3 3. Feature Pyramid Network (Top-Down Traversal): Conv5 (Convolution stage 5) layer output is directly used as feature map M5. However, successive feature maps are generated by downsampling the preceding feature maps from top-down layers by a factor of 2 and combined with corresponding bottom-up convolution stage output via a lateral connection. The layers in the bottom-up pathway are passed through a 1 × 1 convolution layer so that depth can be downsampled to that of the top-down layer for in-place addition to take place. Feature maps M4 and M3 are generated in this manner.
4 4. Each feature map (M3-M5) is passed through a 3 × 3 convolution to generate pyramid feature maps (P5-P3). P5 is passed through a max-pooling layer to generate additional feature pyramid P6.
5 5. The RPN Objectness sub-net consists of three 1 × 1 convolutional layers with a depth of 18 followed by a sigmoid activation function. This detects whether an object is present or not and as to which pyramid feature maps the objects are fed to.
6 6. The RPN box detection sub-net performs regression on bounding boxes and consists of three 1 × 1 convolutional layers with a depth of 36.
7 7. Region Proposal sub-net: The region proposal takes the anchors and output of both RPN Objectness and box detection sub-nets to generate region proposals from which it selects the best 2,000 proposals.
8 8. Box Head: FPN-RoI mapping is performed followed by RoI Align to generate 7 × 7 matrices for each RoI. The input is reshaped and fed through two fully connected layers with 1,024 nodes to result in vectors having a length of 1,024 for all RoIs.
9 9. Classifier Sub-network: The classifier is a fully connected layer that predicts the object class. It has nodes equal to the number of classes and uses softmax activation.

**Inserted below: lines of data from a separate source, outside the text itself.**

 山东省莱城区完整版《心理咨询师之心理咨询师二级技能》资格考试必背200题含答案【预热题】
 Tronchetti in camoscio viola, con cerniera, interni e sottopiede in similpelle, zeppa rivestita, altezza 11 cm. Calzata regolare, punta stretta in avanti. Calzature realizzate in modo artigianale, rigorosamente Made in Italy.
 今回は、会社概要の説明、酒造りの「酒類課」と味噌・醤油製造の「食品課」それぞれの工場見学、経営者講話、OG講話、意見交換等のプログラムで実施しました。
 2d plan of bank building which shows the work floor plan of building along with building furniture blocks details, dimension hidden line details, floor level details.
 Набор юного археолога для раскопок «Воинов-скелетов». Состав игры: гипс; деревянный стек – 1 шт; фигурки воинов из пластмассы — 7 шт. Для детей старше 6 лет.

10 10. Bounding Box Regressor: The classifier is a fully connected layer that gives delta value for bounding box coordinates. It has nodes equal to four times the number of classes and uses linear activation.

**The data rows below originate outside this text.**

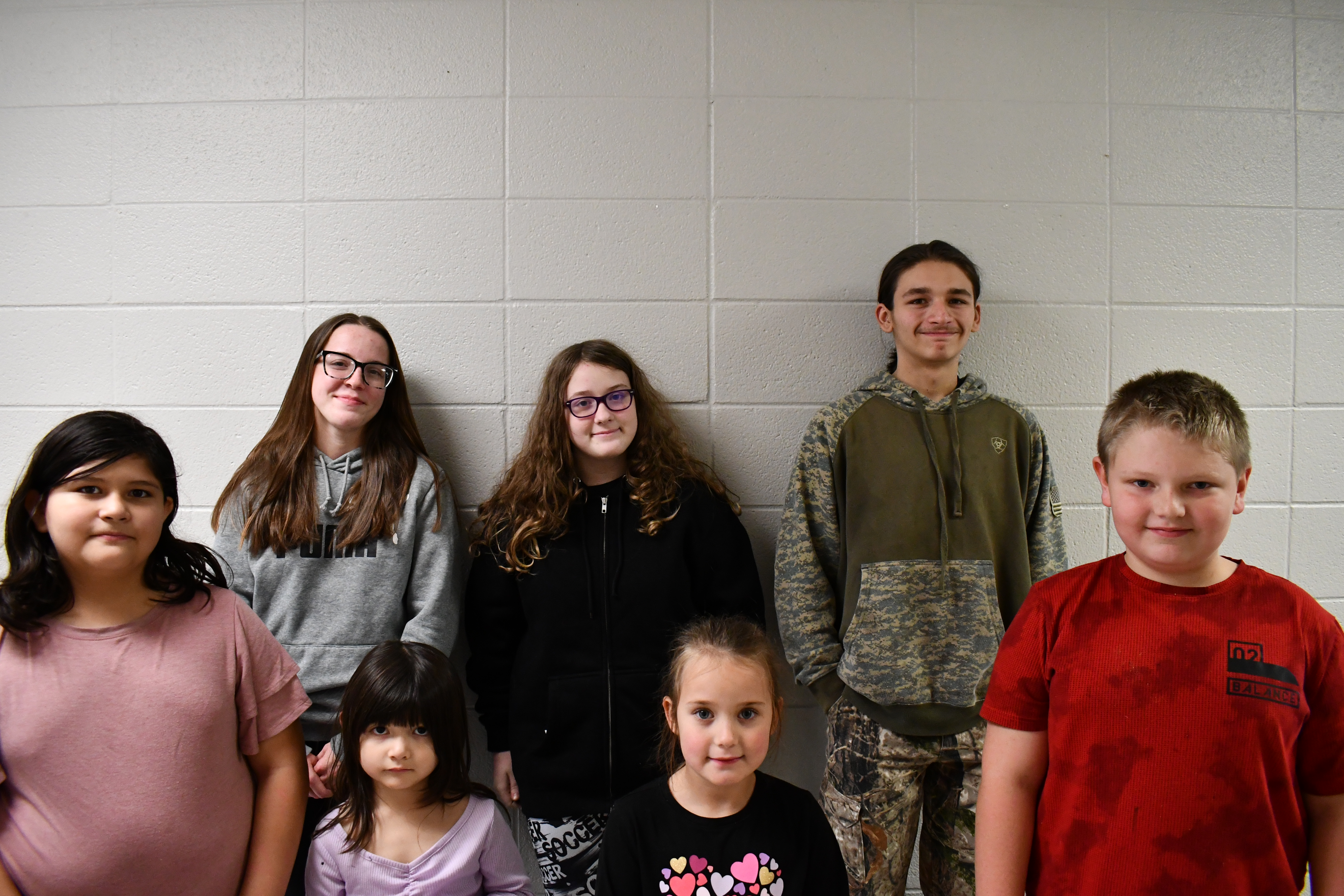 Students selected for November include: Trinity Lomeli, kindergarten, daughter of Kortney Prisoc and Jose Lomeli; Raelynn Hockmuth, first grade, daughter of Jennifer and Tony Hockmuth; Hudson Treib, third grade, son of Kayla and Greg Treib; Evelyn Lomeli, fourth grade, daughter of Kortney Prisoc and Jose Lomeli; Cassilyn Hux, eighth grade (junior high level), daughter of Darla and Donald Hux; Kobain Smith, ninth grade (high school level), son of Kayla and Benjamin Smith; and Ayriona Maikrzek, twelfth grade (senior student), daughter of Charles and Norah Hartman and John Maikrzek.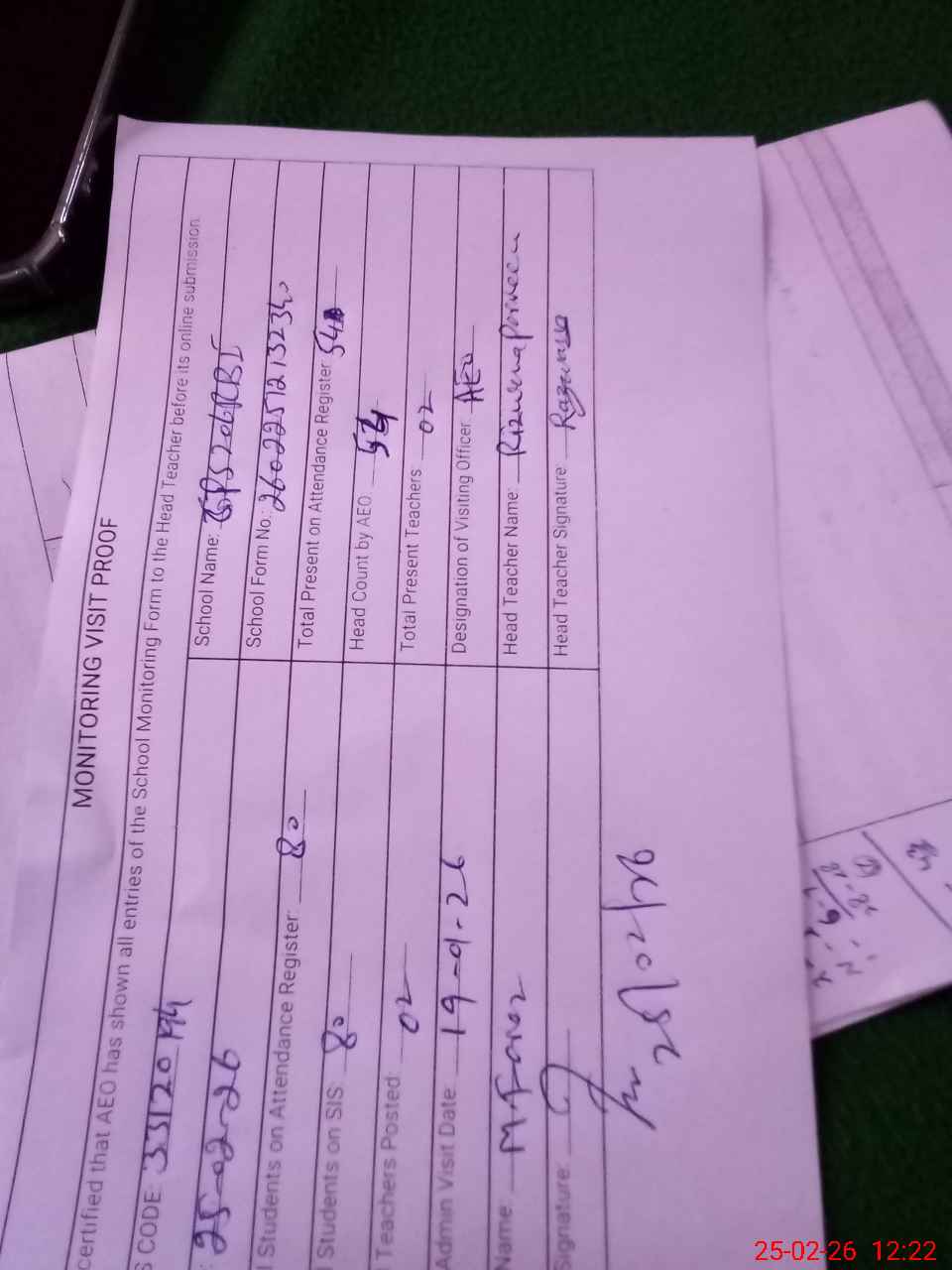 | Attendance Register | Head Teacher | MEA with School | Visit Proof |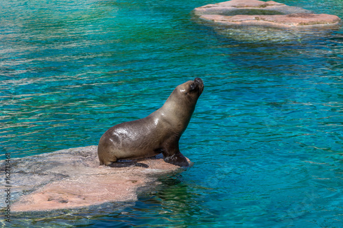 © LuXpics, Naklejka premium Male Sea lion standing on a big sea rock stone with blue water surrounding it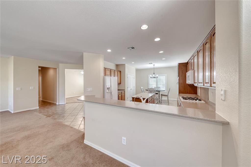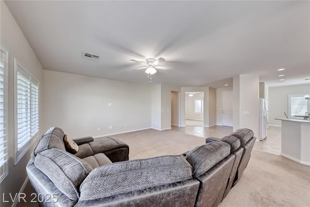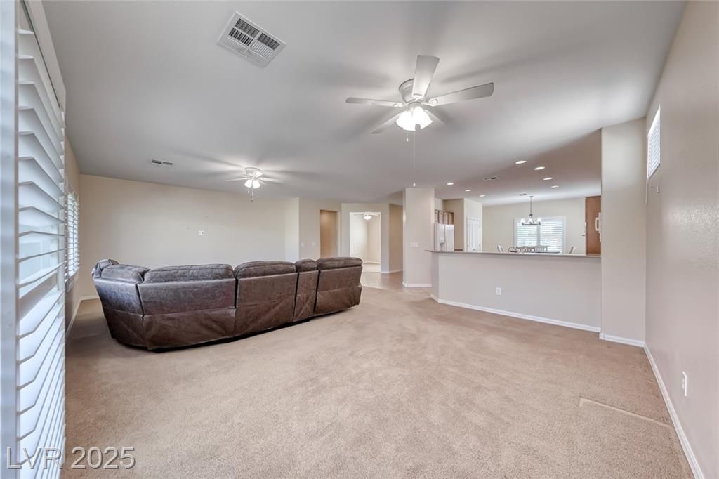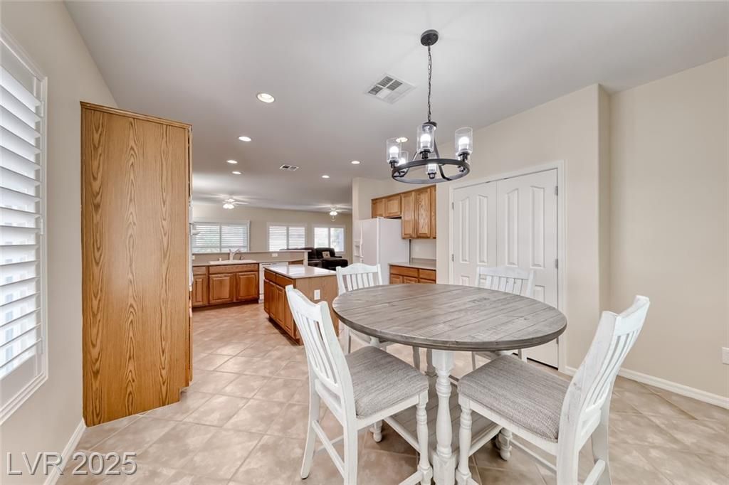 One of the most popular floor plans in Sun City Anthem, this Lincoln model welcomes with a bright and open living room filled with natural light, multiple dining areas, and a spacious kitchen with a large island, perfect for both everyday meals and gatherings. The oversized primary suite serves as a relaxing retreat, offering a comfortable sitting area and direct patio access, while the versatile den/office provides flexible space for hobbies or work. Step outside to a peaceful backyard with a covered patio and Black Mountain views, enhanced by easy-care desert landscaping and synthetic grass for low-maintenance enjoyment. Added comforts include a newer AC unit and water heater, Culligan water softener, washer & dryer. Located just one block from the Liberty Recreation Center, with two additional clubhouses nearby, the community offers top-notch amenities including pools, fitness centers, pickleball, tennis, 2 golf course and over 60 clubs for a vibrant, active lifestyle.

11 11. Mask Head: The mask head runs parallel to the box head, and the RoIs from RoI Align operation are fed through a layer of four convolution filters which have dimensions of 3 × 3 × 256. The resultant outputs are passed through a 2 × 2 × 256 transposed convolution layer. This is subjected to a 1 × 1 convolutional layer, with the number of “out” channels being equal to the number of classes, one mask for each class, and detection. Masks are rescaled based on bilinear interpolation to input image size and applied to the input image.

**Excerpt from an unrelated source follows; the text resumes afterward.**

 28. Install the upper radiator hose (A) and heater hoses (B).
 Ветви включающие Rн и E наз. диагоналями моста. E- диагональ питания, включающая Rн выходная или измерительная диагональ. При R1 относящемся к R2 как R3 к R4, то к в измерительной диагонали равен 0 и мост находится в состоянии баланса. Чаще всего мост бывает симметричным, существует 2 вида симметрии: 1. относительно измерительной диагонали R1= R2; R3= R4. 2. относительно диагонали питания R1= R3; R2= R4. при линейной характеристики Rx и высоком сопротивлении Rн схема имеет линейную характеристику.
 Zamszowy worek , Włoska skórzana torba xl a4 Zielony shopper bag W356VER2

Table 3.1 Layers involved in ResNet-101 architecture.
Layer type | Number of iterations | Kernel size (h x w x d) | Number of filters | Stride |
Conv1 (C1) | 1 | 7 × 7 × 3 | 64 | 2 |
Max pool | 1 | 3 × 3 | 1 | 2 |
Conv2 (C2) | 3 | 1 × 1 × 64 | 64 | 1 |
3 × 3 × 64 | 64 | 1 | ||
1 × 1 × 64 | 256 | 1 | ||
Conv3 (C3) | 4 | 1 × 1 × 256 | 128 | 1 |
3 × 3 × 128 | 128 | 1 | ||
1 × 1 × 128 | 512 | 1 | ||
Conv4 (C4) | 23 | 1 × 1× 512 | 256 | 1 |
3 × 3 × 256 | 256 | 1 | ||
1 × 1 × 256 | 1,024 | 1 | ||
Conv5 (C5) | 3 | 1 × 1 × 1024 | 512 | 1 |
3 × 3 × 512 | 512 | 1 | ||
1 × 1 × 512 | 2,048 | 1 |
Mask R-CNN is used to segment and construct pixel-wise masks for each customer in a given video frame. The output of this step is a dictionary of masks and bounding box coordinates that engulfs the detected customers. This data corresponding to the person detection is also used later in Stage 3 of the framework.
To obtain the foreground information, we remove the regions common to the foreground masks obtained by the background subtraction model and Mask R-CNN from the aggregate of the former. This step ensures that the clothing worn by the customer are excluded from the foreground.